# Eclipse: Gibt es ein Direktfenster wie bei der VBA Ide?



## peterfarge (28. Apr 2006)

Hallo Forum,

bei der VB IDE gibt es ein Direktfenster. Dort kann ich Ausdrücke auswerten lassen.
Anstatt also im Code immer wieder "System.out.print(oTree.count());" zu schreiben würde ich in so einem Fenster dann einfach:
?System.out.print(oTree.count());

schreiben und nach drücken der Enter Taste würde in der nächsten Zeile als Ergebnis eine Zahl stehen. Ist das bei Eclipse möglich? Wenn nicht, gibt es vielleicht eine andere IDE die das kann?


Viele Grüße

Peter


----------



## Jockel (28. Apr 2006)

Du kannst dein Programm debuggen und die Werte der entsprechenden Variablen verfolgen, wenn du das meinst.


----------



## SamHotte (28. Apr 2006)

Wenn du im Debugger 'nen Breakpoint hast, kannst du mit dem Kontextmenue auf jeder Variable den Punkt "Anzeigen" oder "Untersuchen" wählen. Dann siehst du den aktuellen Wert.


----------



## peterfarge (28. Apr 2006)

Das mit dem Kontextmenu und Inspekt oder Display hilft mir schon viel weiter. Gibt es auch eine Möglichkeit eine Variable während der Laufzeit im Debugger zu verändern?


----------



## SamHotte (28. Apr 2006)

Müsste gehen - hängt m.W. von der Java-VM-Version ab (kann aber auch sein, dass das nur im WSAD geht und nicht in Eclipse).


----------



## peterfarge (28. Apr 2006)

Weiß jemand wie ich einen Wert in Eclipse im Debuggmodus ändern kann?


----------



## SamHotte (28. Apr 2006)

In der Debug-Perspektive im Fenster "Variablen" Rechtsklicken, "Wert ändern" anwählen, Wert ändern ...


----------



## peterfarge (28. Apr 2006)

Ich benutze die englische Version von Eclipse.

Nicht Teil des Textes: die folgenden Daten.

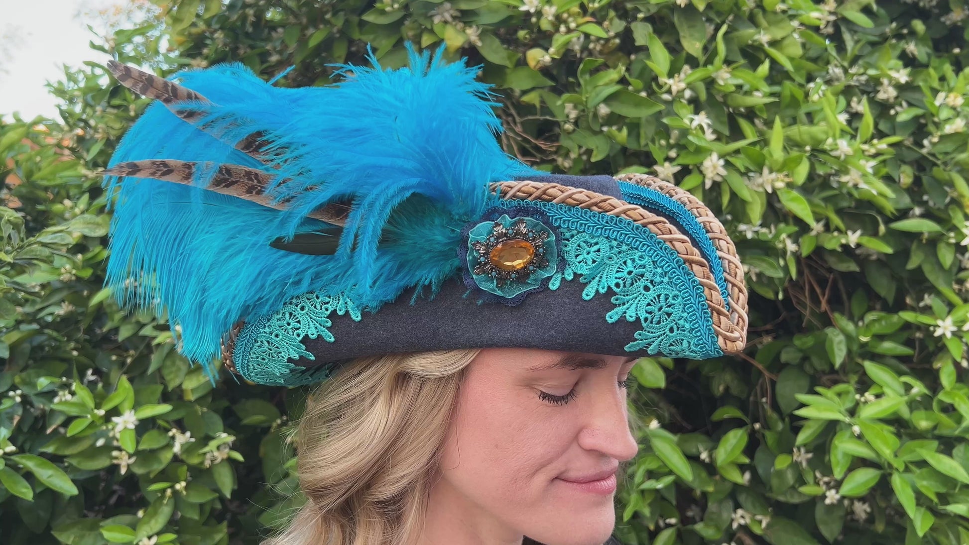 Bicorn Hat 22" Navy Wool Base with Gold/Turquoise Trim, Feathers, and Brooch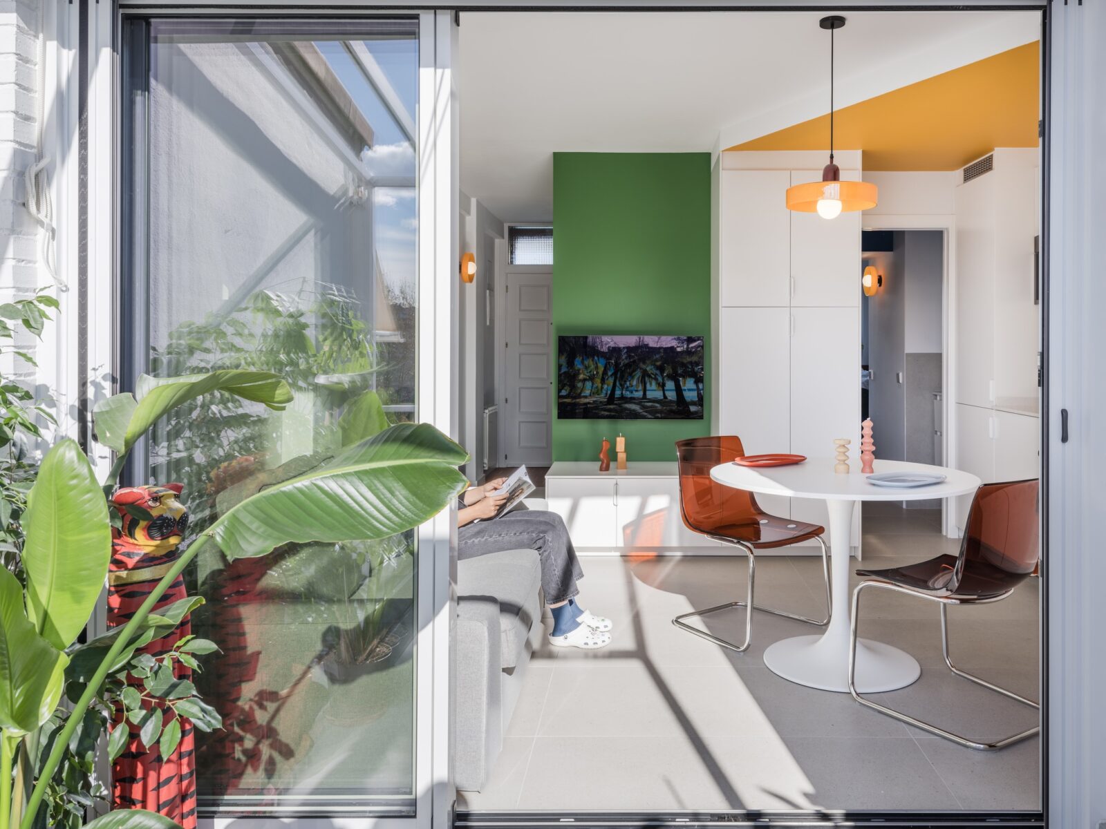 Au nord de Madrid, dans une construction des années 1980, l’agence gon-architects transforme un 40 mètres carrés cloisonné en un espace coloré et traversant.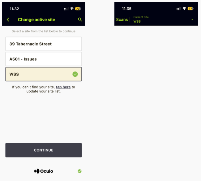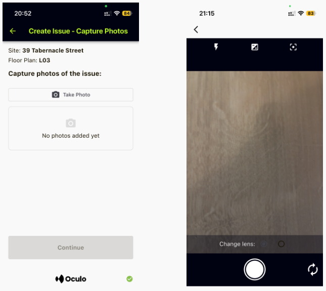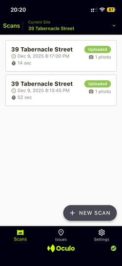 The Oculo mobile app is a tool to support capturing data in the field. It can be used to create new scans, and add new issues whilst on site.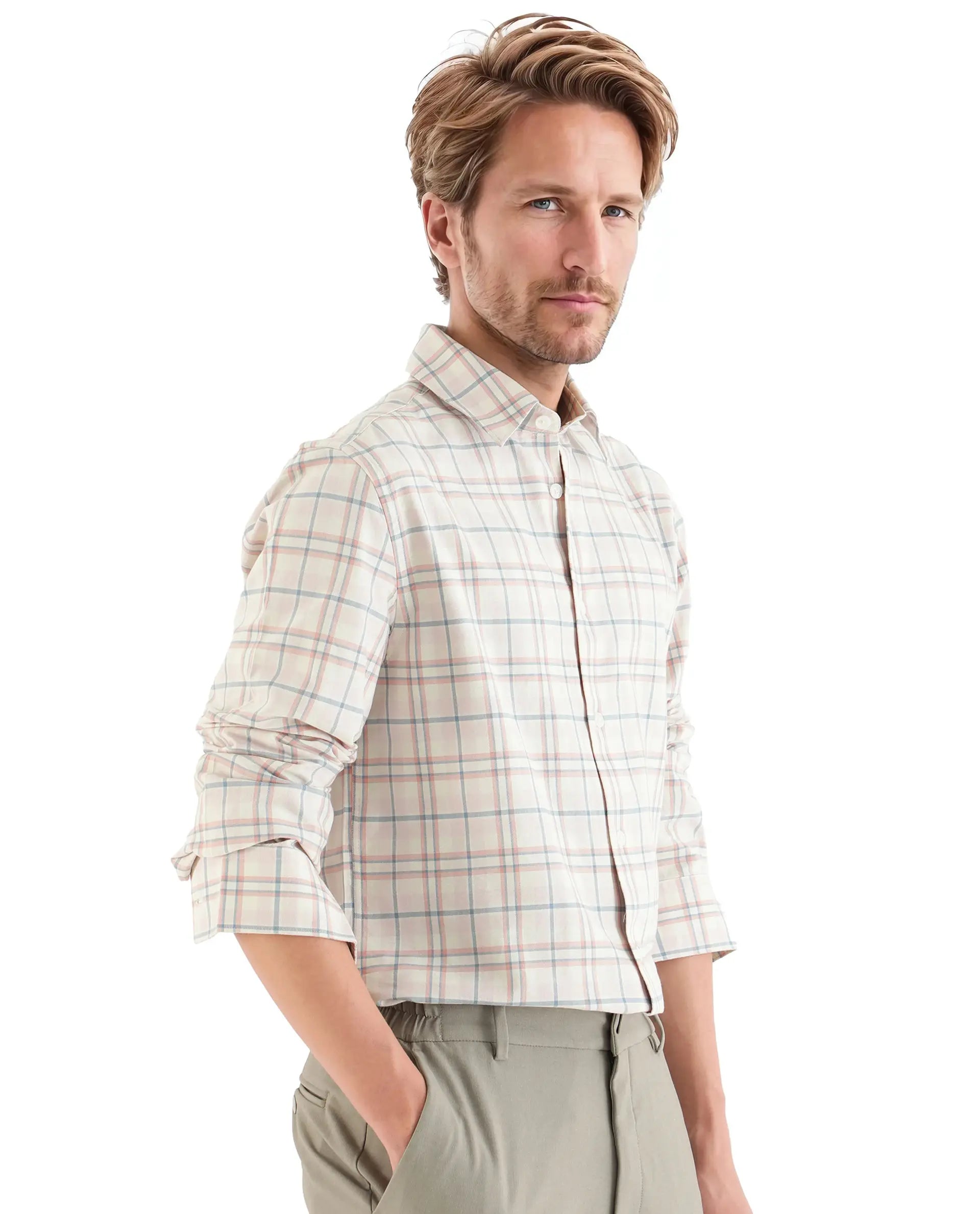 Introducing our Pastel Pink Checked Shirt, a perfect blend of style and comfort for your casual wardrobe. Crafted from premium cotton, this regular fit shirt ensures breathability and ease of movement. Featuring a classic spread collar and full sleeves, it offers a timeless look suitable for any occasion. The button closure adds a touch of sophistication, making it an ideal choice for both work and leisure. Elevate your fashion game with this versatile checked shirt, designed to keep you looking sharp and feeling comfortable all day long. Perfect for those who appreciate quality and style in their everyday attire.

Meinst Du das Fenster Declarations?
Wenn ich da einen Rechtsklick auf eine Deklaration im Debugmodus mache kann ich keine Variablen verändern.


----------



## SamHotte (28. Apr 2006)

Keine Ahnung, wie das Fenster heißt - bei mir sitzt es oben Rechts in einer TabGruppe mit "Unterbrechungspunkte" und "Ausdrücke" und hat als Symbol sowas dranstehen: (x)=


----------



## peterfarge (28. Apr 2006)

Hmm die habe ich gar nicht. Hast Du vielleicht ein paar AddIns installiert? Meine Eclipse Veriosn 3.1.0


----------



## SamHotte (4. Mai 2006)

Nö, keine besonderen Addins - nur das Language Pack. Eclipse V.3.1.1, aber das gab's schon vorher - schaust du in der richtigen Perspektive? Wir reden über "Debug" ;-)


----------